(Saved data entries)
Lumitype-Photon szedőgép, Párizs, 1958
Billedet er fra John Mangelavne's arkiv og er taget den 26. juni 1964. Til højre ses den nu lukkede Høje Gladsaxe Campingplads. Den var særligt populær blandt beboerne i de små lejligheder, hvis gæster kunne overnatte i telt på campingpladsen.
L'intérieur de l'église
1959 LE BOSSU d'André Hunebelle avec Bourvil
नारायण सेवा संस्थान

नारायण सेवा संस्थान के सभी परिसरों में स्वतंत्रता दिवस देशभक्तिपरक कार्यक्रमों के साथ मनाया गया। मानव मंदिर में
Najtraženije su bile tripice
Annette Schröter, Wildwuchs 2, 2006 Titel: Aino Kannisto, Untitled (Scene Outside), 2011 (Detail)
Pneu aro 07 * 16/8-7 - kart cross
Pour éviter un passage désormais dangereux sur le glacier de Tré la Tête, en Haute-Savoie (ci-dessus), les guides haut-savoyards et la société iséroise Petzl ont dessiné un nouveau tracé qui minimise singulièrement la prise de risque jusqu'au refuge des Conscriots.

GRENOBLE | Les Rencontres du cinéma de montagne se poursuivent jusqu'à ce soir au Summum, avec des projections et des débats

==

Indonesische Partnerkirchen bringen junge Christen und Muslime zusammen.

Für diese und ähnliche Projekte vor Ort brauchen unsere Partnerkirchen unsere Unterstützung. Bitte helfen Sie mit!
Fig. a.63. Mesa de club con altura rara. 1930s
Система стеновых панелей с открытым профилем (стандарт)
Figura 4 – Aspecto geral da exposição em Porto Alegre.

...

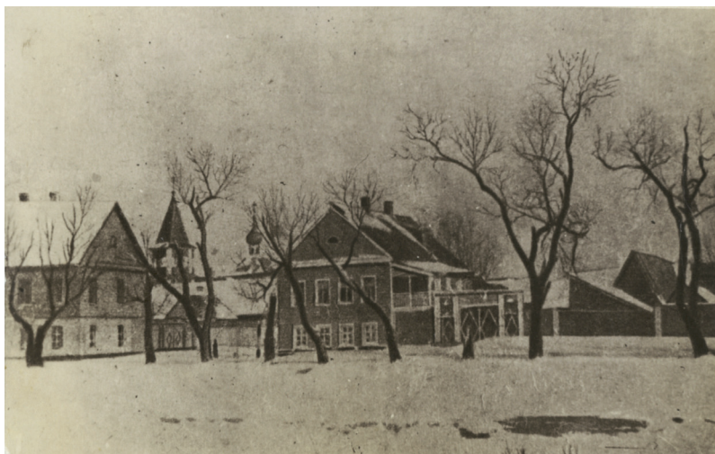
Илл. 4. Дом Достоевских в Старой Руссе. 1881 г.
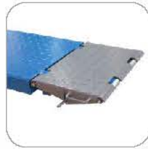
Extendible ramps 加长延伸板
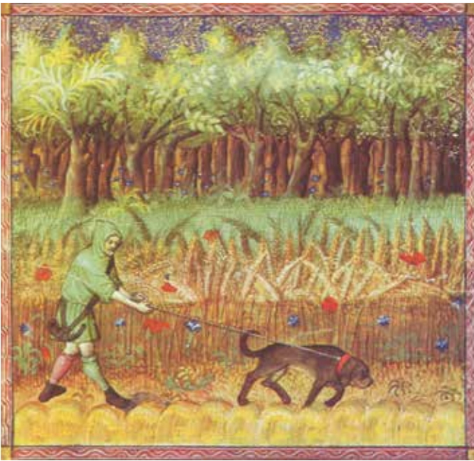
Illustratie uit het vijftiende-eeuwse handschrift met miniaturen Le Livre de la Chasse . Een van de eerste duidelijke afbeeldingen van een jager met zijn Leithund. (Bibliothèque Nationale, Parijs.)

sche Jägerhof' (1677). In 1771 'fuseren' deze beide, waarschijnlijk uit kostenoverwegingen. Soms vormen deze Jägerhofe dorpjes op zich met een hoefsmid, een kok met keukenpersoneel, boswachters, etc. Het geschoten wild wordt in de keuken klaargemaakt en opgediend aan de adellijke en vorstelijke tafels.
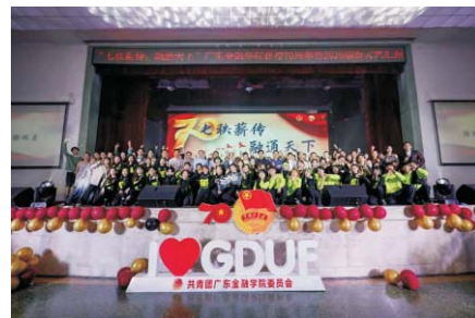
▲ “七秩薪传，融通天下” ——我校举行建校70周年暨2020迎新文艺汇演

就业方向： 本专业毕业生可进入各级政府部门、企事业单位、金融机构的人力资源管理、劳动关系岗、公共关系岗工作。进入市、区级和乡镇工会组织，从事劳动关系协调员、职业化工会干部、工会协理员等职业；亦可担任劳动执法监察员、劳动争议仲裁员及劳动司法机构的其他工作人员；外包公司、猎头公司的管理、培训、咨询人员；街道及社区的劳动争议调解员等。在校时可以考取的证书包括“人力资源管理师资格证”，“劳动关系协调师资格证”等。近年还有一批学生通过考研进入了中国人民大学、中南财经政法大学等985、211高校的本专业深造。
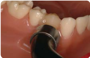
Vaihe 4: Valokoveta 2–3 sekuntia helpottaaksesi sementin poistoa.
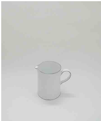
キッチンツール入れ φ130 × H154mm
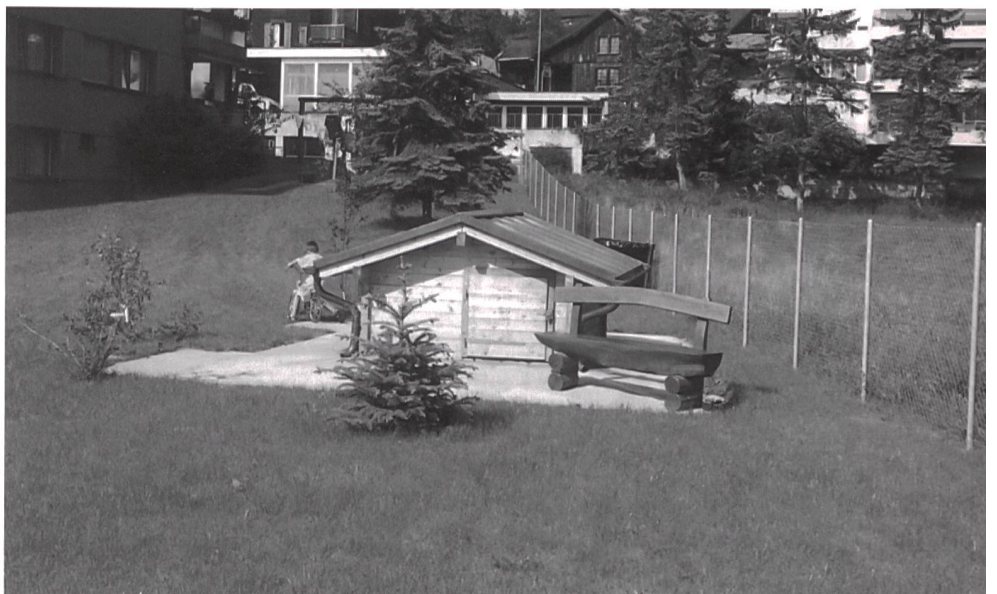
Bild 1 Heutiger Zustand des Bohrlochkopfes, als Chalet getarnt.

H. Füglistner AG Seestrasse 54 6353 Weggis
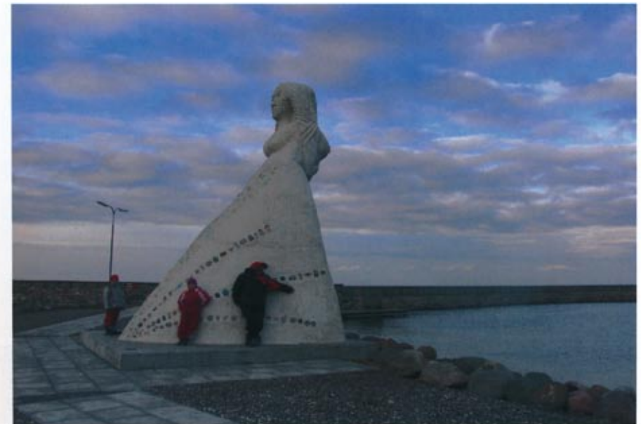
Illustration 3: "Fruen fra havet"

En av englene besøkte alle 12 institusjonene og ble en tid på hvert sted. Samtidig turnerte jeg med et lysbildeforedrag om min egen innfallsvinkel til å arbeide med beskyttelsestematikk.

• What needs to be done
From the records above, extract exactly and only the lines that begin at the line with "Lumitype-Photon szedőgép, Párizs, 1958" and stop after the line with "L'intérieur de l'église".

• Task solution
Lumitype-Photon szedőgép, Párizs, 1958
Billedet er fra John Mangelavne's arkiv og er taget den 26. juni 1964. Til højre ses den nu lukkede Høje Gladsaxe Campingplads. Den var særligt populær blandt beboerne i de små lejligheder, hvis gæster kunne overnatte i telt på campingpladsen.
L'intérieur de l'église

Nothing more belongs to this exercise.